◆ What to work on ◆
Give back every record exactly, with its pictures left out.

Collected data entries

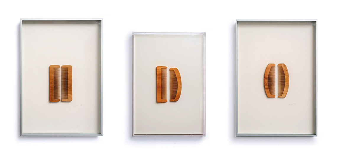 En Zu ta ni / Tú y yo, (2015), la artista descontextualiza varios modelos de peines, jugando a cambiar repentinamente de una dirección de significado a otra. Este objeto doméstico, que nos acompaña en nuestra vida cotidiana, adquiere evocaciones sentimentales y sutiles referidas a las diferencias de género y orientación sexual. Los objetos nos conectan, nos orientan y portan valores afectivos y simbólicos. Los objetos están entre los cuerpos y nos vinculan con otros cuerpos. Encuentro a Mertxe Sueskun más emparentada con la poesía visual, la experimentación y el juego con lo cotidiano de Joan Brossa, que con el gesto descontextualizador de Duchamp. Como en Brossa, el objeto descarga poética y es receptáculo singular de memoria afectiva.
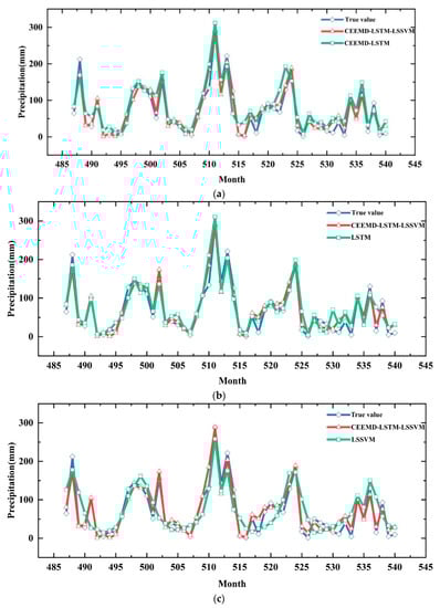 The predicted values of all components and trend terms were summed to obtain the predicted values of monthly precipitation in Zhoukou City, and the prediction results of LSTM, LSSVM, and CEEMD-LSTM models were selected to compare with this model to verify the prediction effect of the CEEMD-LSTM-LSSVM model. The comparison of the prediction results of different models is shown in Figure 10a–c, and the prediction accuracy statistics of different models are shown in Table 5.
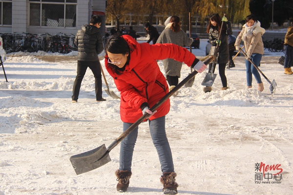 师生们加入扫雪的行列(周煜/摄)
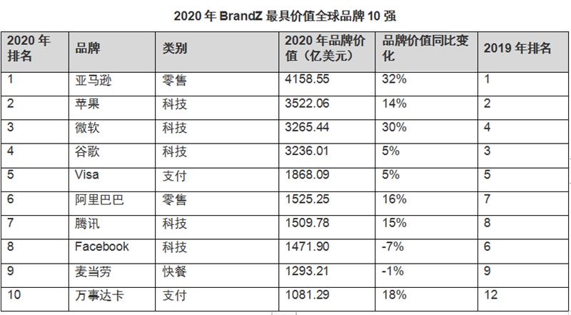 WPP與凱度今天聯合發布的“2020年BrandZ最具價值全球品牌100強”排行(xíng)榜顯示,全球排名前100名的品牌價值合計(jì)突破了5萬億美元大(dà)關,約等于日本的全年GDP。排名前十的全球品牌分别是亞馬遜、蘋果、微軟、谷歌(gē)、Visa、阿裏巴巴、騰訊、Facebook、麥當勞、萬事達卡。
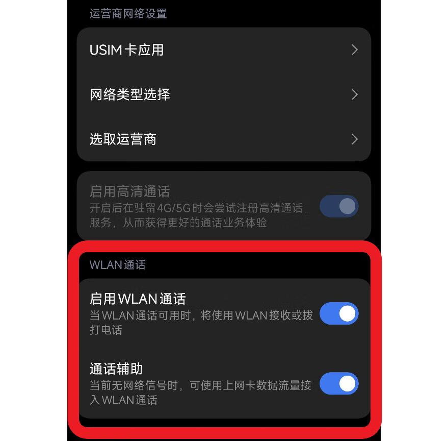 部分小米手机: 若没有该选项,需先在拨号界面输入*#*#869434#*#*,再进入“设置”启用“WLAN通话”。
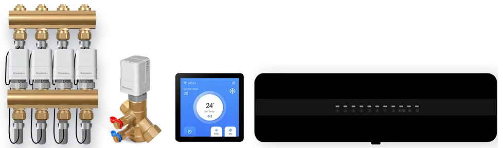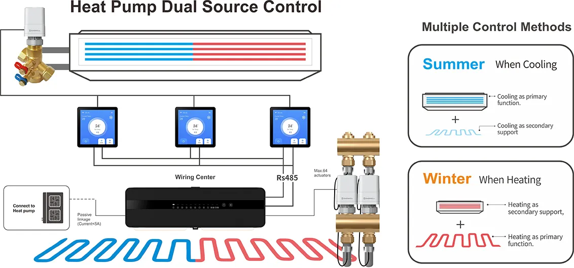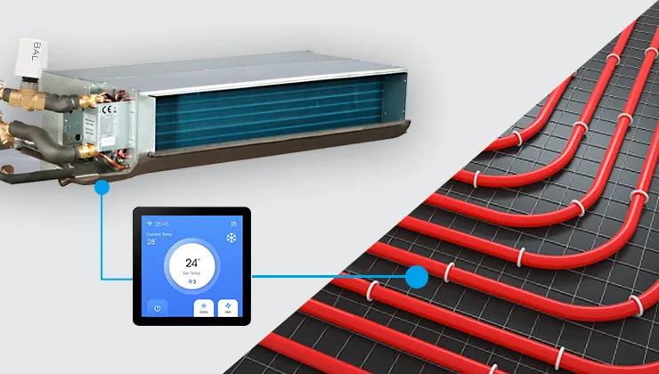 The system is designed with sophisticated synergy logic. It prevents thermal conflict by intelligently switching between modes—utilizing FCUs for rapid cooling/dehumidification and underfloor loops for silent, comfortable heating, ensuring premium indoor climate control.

◆ Answer below ◆
 En Zu ta ni / Tú y yo, (2015), la artista descontextualiza varios modelos de peines, jugando a cambiar repentinamente de una dirección de significado a otra. Este objeto doméstico, que nos acompaña en nuestra vida cotidiana, adquiere evocaciones sentimentales y sutiles referidas a las diferencias de género y orientación sexual. Los objetos nos conectan, nos orientan y portan valores afectivos y simbólicos. Los objetos están entre los cuerpos y nos vinculan con otros cuerpos. Encuentro a Mertxe Sueskun más emparentada con la poesía visual, la experimentación y el juego con lo cotidiano de Joan Brossa, que con el gesto descontextualizador de Duchamp. Como en Brossa, el objeto descarga poética y es receptáculo singular de memoria afectiva.
 The predicted values of all components and trend terms were summed to obtain the predicted values of monthly precipitation in Zhoukou City, and the prediction results of LSTM, LSSVM, and CEEMD-LSTM models were selected to compare with this model to verify the prediction effect of the CEEMD-LSTM-LSSVM model. The comparison of the prediction results of different models is shown in Figure 10a–c, and the prediction accuracy statistics of different models are shown in Table 5.
 师生们加入扫雪的行列(周煜/摄)
 WPP與凱度今天聯合發布的“2020年BrandZ最具價值全球品牌100強”排行(xíng)榜顯示,全球排名前100名的品牌價值合計(jì)突破了5萬億美元大(dà)關,約等于日本的全年GDP。排名前十的全球品牌分别是亞馬遜、蘋果、微軟、谷歌(gē)、Visa、阿裏巴巴、騰訊、Facebook、麥當勞、萬事達卡。
 部分小米手机: 若没有该选项,需先在拨号界面输入*#*#869434#*#*,再进入“设置”启用“WLAN通话”。
 The system is designed with sophisticated synergy logic. It prevents thermal conflict by intelligently switching between modes—utilizing FCUs for rapid cooling/dehumidification and underfloor loops for silent, comfortable heating, ensuring premium indoor climate control.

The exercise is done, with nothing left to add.